The Asset Store submission checklist nobody writes down
Unity publishes the acceptance rules. They do not tell you the unwritten rules — the ones that turn a "Needs Revision" into an "Approved". Here is our list after four submissions.
The written rules are the easy part
Unity publishes the Asset Store submission guidelines. They tell you the required licenses, the minimum documentation, the forbidden content types, the required import package format. You can read them in an afternoon. Follow them and you'll clear maybe sixty percent of the review bar.
The other forty percent is the unwritten part — the things that get your submission kicked back to "Needs Revision" with a terse note. We've submitted four plugins. Here's everything we've learned that isn't on Unity's official page.
Your demo scene is the first thing the reviewer opens
Reviewers don't read your README first. They open a fresh Unity project, import your package, and look for a demo scene. If there isn't one, or if the one you included throws a MissingReferenceException on open, your review is effectively over.
Our rule: every SyE plugin ships with a scene called Demo_<PluginName> under Assets/<Publisher>/<Plugin>/Demos/. It opens without errors on a vanilla Unity install, with no external dependencies. We test this by cloning the package into a clean project the hour before submission.
The folder layout reviewers expect
Reviewers scan the Assets/ folder with a pattern-matching eye:
Assets/
<PublisherName>/
<PluginName>/
Runtime/
Editor/
Demos/
Documentation/
README.md
CHANGELOG.md
LICENSE.md
Deviations raise questions. Two publishers' names at the same level raises questions. A .cs file at the root raises questions. Matching the pattern lets the reviewer move past structure to the actual code faster.
Do not ship editor-only code inside a runtime assembly
This is the number one cause of revision requests for editor tools. If a script uses anything from UnityEditor, it has to live in an Editor/ folder, and your asmdef has to specify includePlatforms: ["Editor"]. Violating this makes the package fail to build in user projects that target iOS, Android, or any non-editor platform.
Every time you add a new file, ask: does it use UnityEditor? If yes, Editor folder. No exceptions.
Dependencies are suspicious
The reviewer has no opinion on your Newtonsoft.Json dependency being "small" or "standard." A dependency is a liability in review. If you can write 40 lines yourself and avoid pulling in a third-party package, do it.
When you truly need a dependency, declare it unambiguously — as a Unity package via com.unity.nuget.newtonsoft-json or as a clear NPM-style package manifest. Never bundle another library's DLL directly unless you're licensed to redistribute.
The video trailer rule
Short videos get watched. Long videos don't. Under 60 seconds, with the feature visible in the first 5 seconds, beats every "comprehensive walkthrough" we've tried. Unity's own store analytics agree — watch-through rates collapse past the one-minute mark.
The tone of your listing copy matters
Reviewers skim listings too. If your description reads like it was written by a marketing agency, they'll be suspicious of the engineering behind it. Short sentences. Concrete features. One-line tagline. No adjectives like "revolutionary" or "ultimate."
This isn't just about approval — it's the same copy your customers read. The studios that sell best on the Asset Store tend to sound like engineers who built a tool and want you to try it, not marketers who had one commissioned.

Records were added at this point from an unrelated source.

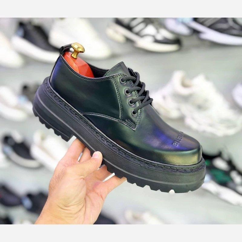 کفش مردانه لوفر بالنسیاگاچرم ورنی طبیعی زیره تی پی یو طبی بسیار سبک آستر و کفی چرم ترک طبی ضد بودوردوخت
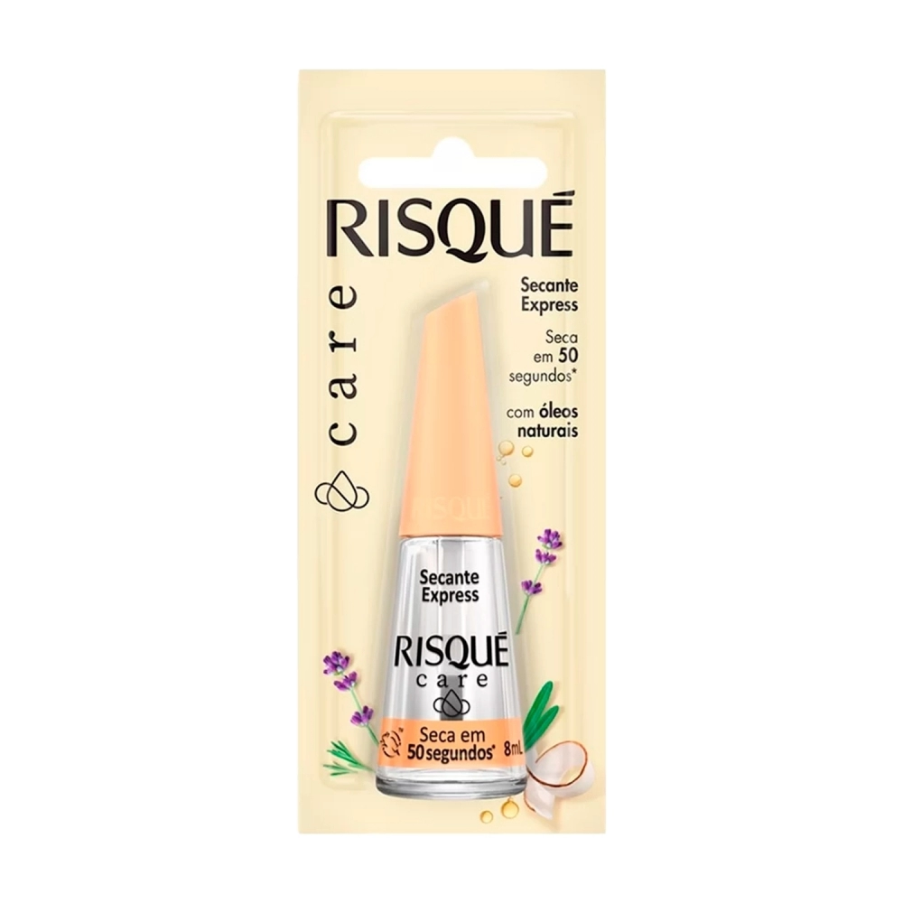 O Secante Express da linha Risqué Care ajuda o esmalte a secar mais rápido. Em 50 segundos, previne contra poeiras, arranhões e borrões superficiais. Sensorial líquido com textura não oleosa. Risqué Care é uma linha de cuidados completa do início ao fim. Conta com diversos produtos em sua linha, todos eles com óleos naturais. Um cronograma de cuidados antes, durante e depois da esmaltação.
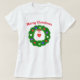 T-shirt with my digital design of a pretty Christmas wreath decorated with blue, green, red, white and purple hearts and a big red heart hanging from a red ribbon. Red text says "Merry Christmas".
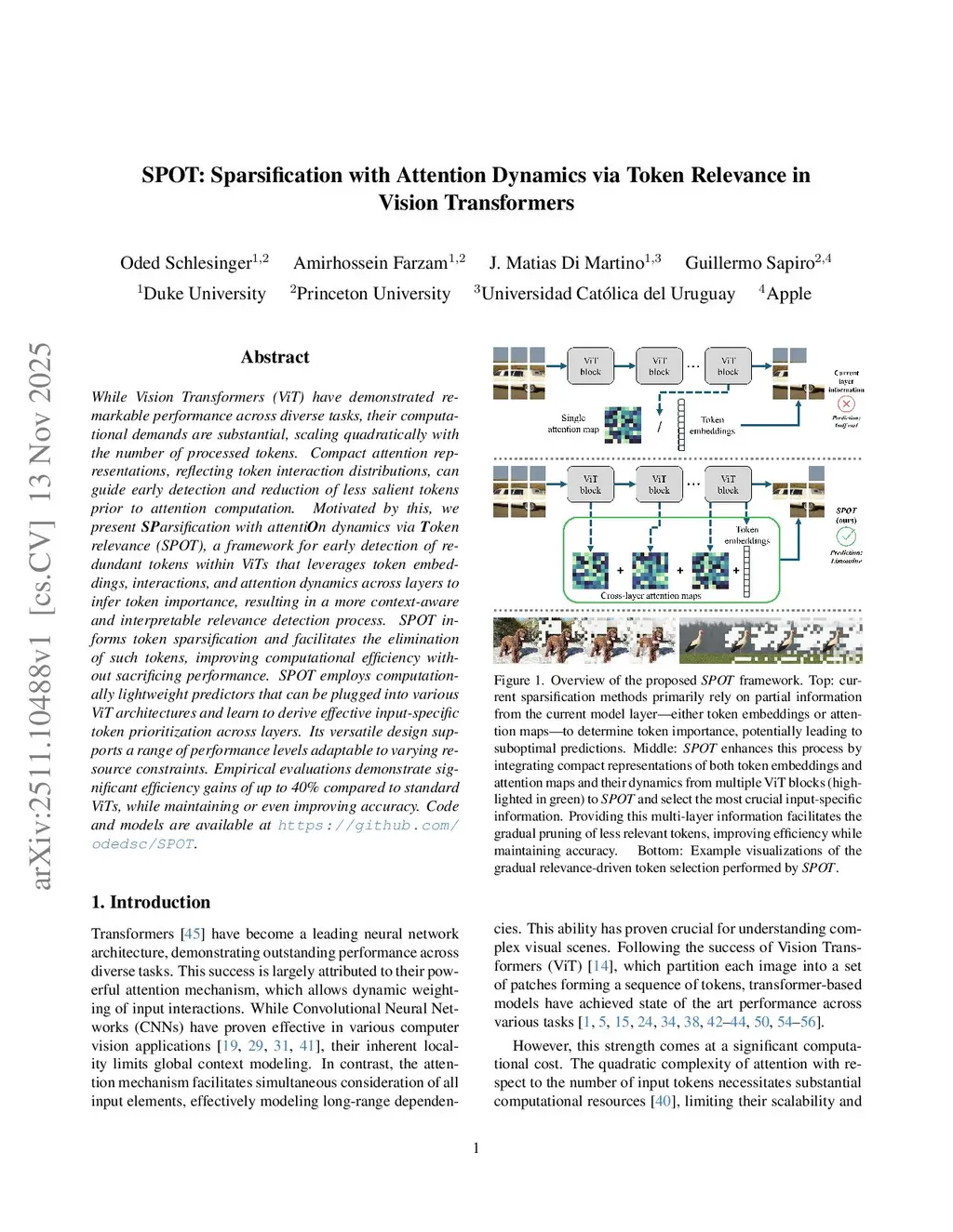SPOT: Sparsification with Attention Dynamics via Token Relevance in Vision Transformers
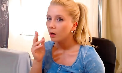 Cute light haired bosomy web cam girl was masturbating after disrobing
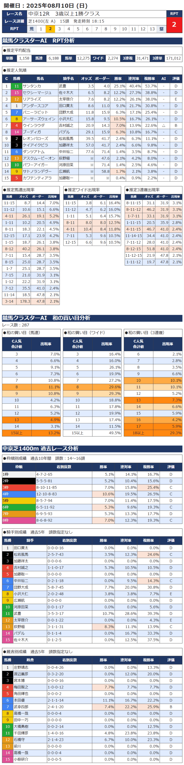 8月10日 中央競馬 中京
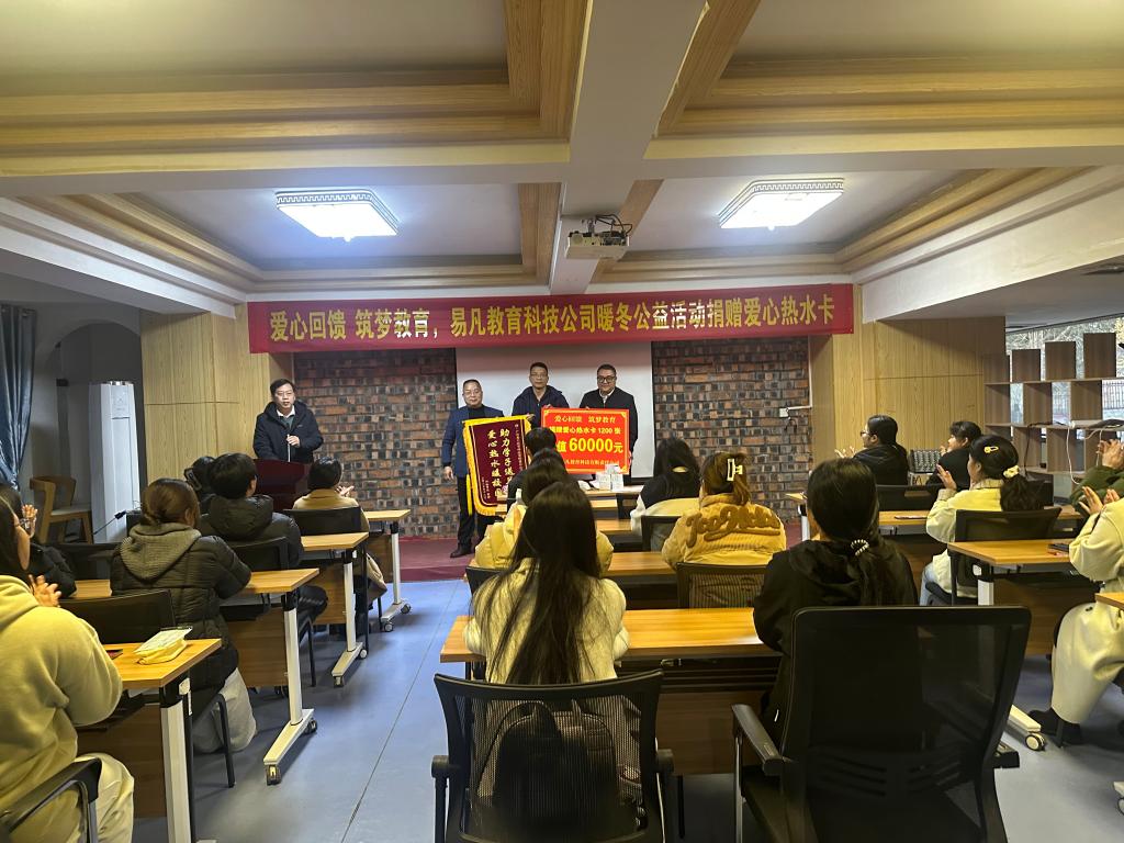 2025年12月24日,后勤管理处(基建处)联合易凡教育科技公司举办“爱心回馈 筑梦教育”暖冬公益捐赠活动,活动中,易凡教育科技公司为我校勤工助学学生捐赠面值50元热水卡1200张,总价值60000元。后勤管理处(基建处)副处长蓝凛为勤工助学学生代表发放爱心热水卡并在活动结束后与学生和企业代表合影留念,定格下这温暖的瞬间。
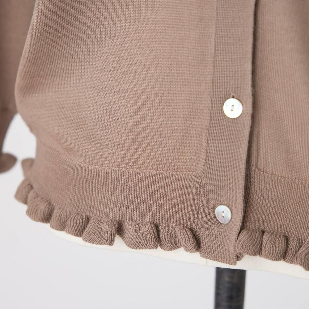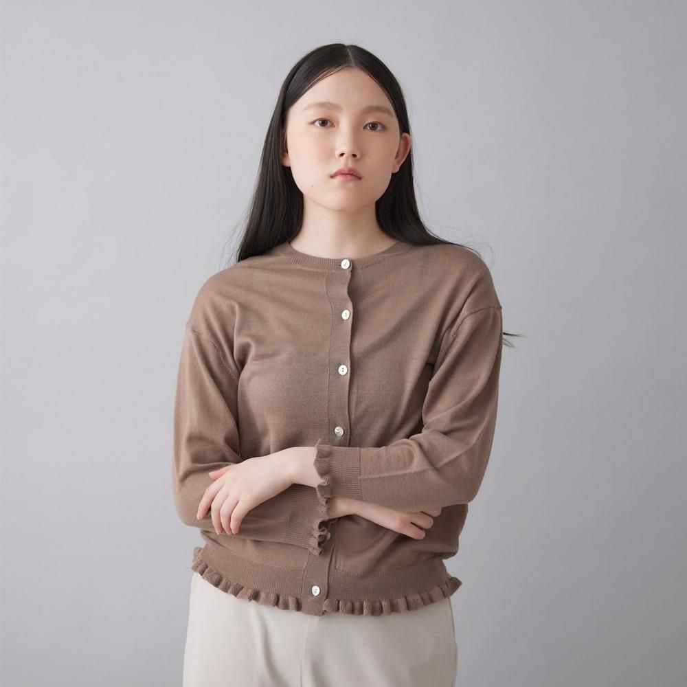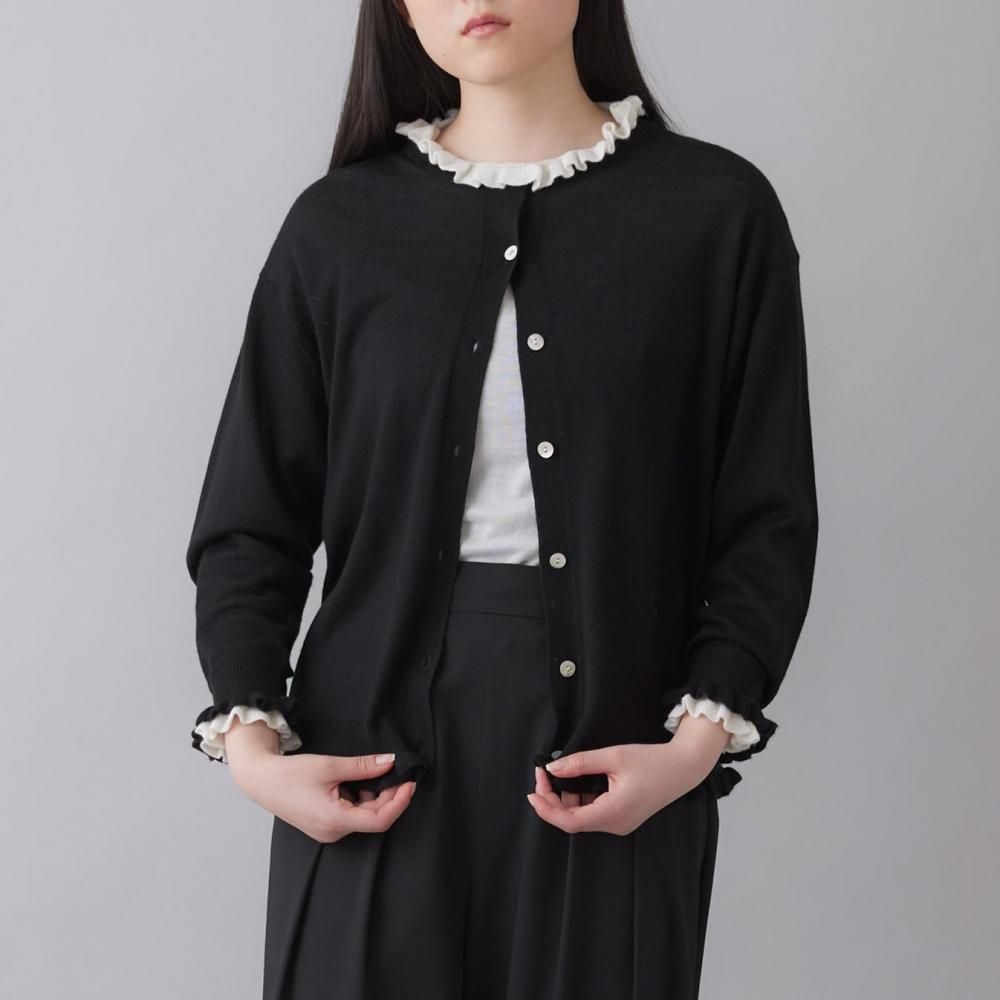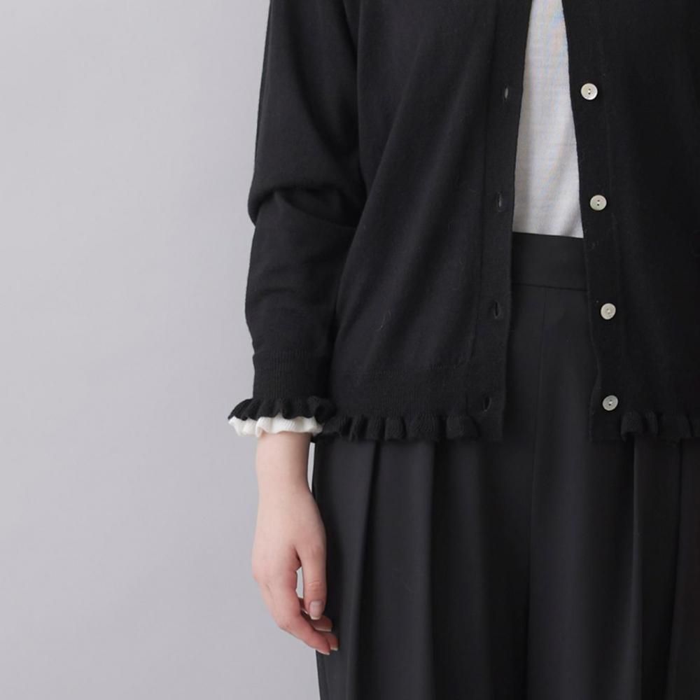 裾と袖口にあしらったラッフルが、さりげないフェミニンさを添えるカーディガン。
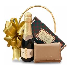Cesta Presente Chandon Baby + Chocolate + Carteira Feminina Cesta Chandon Baby com Chocolate e Carteira Feminina - presente completo e elegante Surpreenda com um presente pronto para entregar. A cesta Decorally Home Decor combina Chandon Baby 187 ml, chocolate premium e uma carteira feminina cores , tudo em uma cesta com alça e acabamento dourado. Vai embalada para presente com celofane, laço caprichado e tag para mensagem - perfeita para aniversários, fim de ano, clientes, colaboradoras e amigos-secretos. Conteúdo da Cesta 1 Chandon Baby 187 ml 1 Chocolate marca pode variar: seleção premium 1 Carteira Feminina cores : preto, marrom, nude, off-white ou ouro velho 1 Cesta com alça aprox. 20 13 cm Embalagem para presente com laço + tag para recado As cores da carteira podem ser escolhidas Sim. Envie uma mensagem após a compra indicando a cor desejada. O envio é sujeito à disponibilidade. O chocolate e a embalagem são iguais às fotos Mantemos o padrão de qualidade, mas marcas/estampas podem variar conforme disponibilidade. Vai pronto para presentear Sim. Acompanha celofane, laço e tag. Enviamos dentro de caixa para proteção. Qual o tamanho da cesta Aproximadamente 20 13 cm medida da base, pode variar levemente . Existe cartão personalizado Incluímos tag para mensagem. Cartão maior pode ser adicionado mediante consulta. Há restrição de venda Sim. Bebida alcoólica: venda proibida para menores de 18 anos. Consumo responsável. Marca: Não Informado
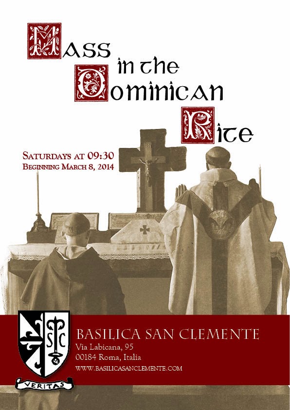 morning Dominican Rite Low Mass celebrated at the priory of San Clemente Via di San Giovanni in Laterano, in Rome. The priory of San Clemente is under the care of the friars of the Irish Province, but apparently friars of other Provinces will be assisting with the Masses as well.
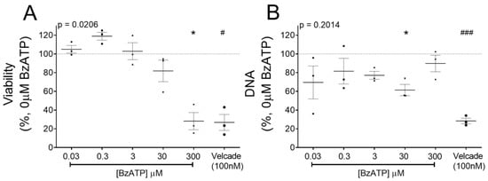 - Gilbert, S.M.; Oliphant, C.J.; Hassan, S.; Peille, A.L.; Bronsert, P.; Falzoni, S.; Di Virgilio, F.; McNulty, S.; Lara, R. ATP in the tumour microenvironment drives expression of nf P2X7, a key mediator of cancer cell survival. Oncogene 2019, 38, 194–208. [Google Scholar] [CrossRef] [PubMed]
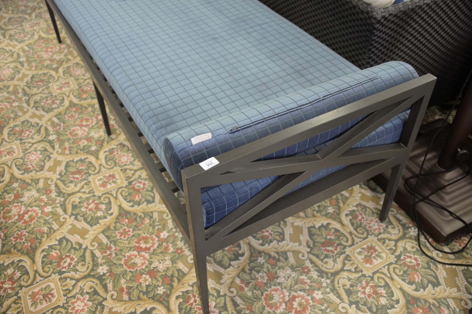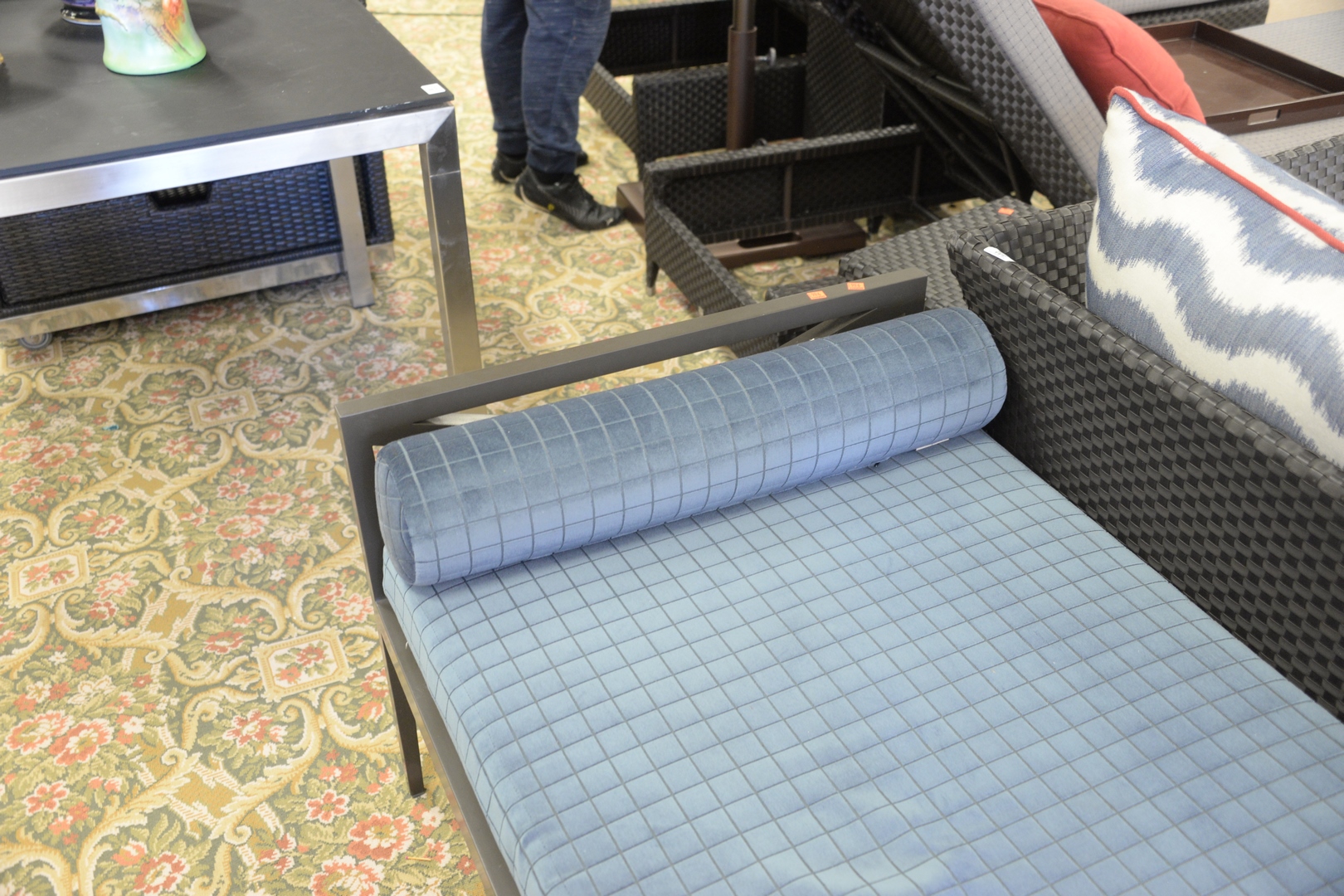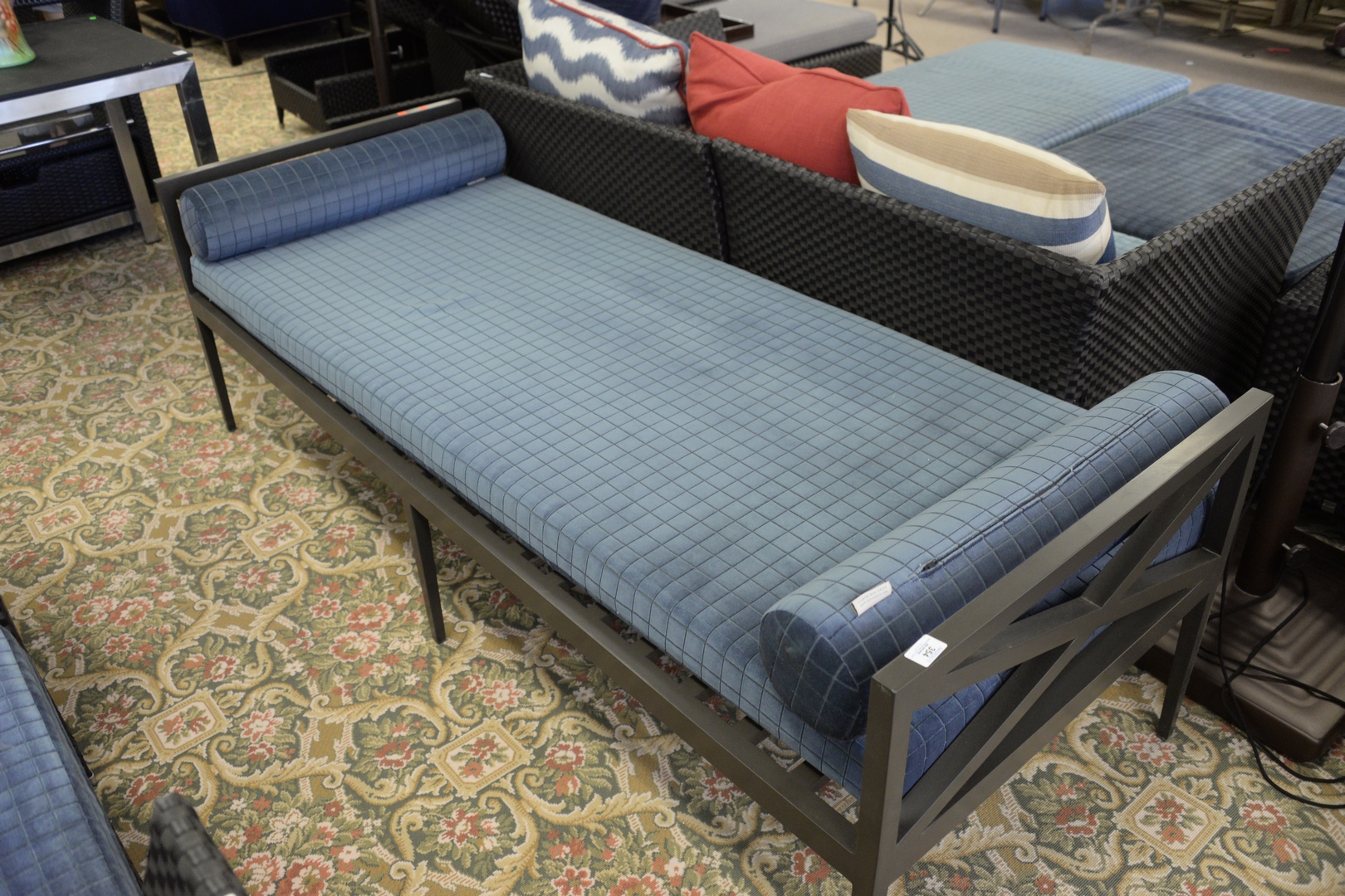 Lot 354: JANUS et Cie Bench/Daybed, having custom cushion and bolsters, along with custom outdoor covers, total height 25 inches, width 30 inches, length 80 inches. Provenance: David and Cynthia Kim, 22 Stoney Wylde Lane, Greenwich, Connecticut. View home by visiting: https://www.zillow.com/homedetails/22-Stoney-Wylde-Ln-Greenwich-CT-06830/177238281_zpid/

The thing that nobody tells you
If your submission is rejected once, it's routine. If it's rejected twice, the same reviewer likely gets routed to it the third time and they already have context. Be extremely explicit about what you changed between submissions. Include a short note at the top of your submission comments: "Addressing revision request — moved GizmoDrawer.cs to Editor/, added demo scene, updated LICENSE.md." Make the reviewer's next pass take two minutes instead of twenty.
Kindness to the person on the other end is not strategy. But it is, always, the thing that speeds things up.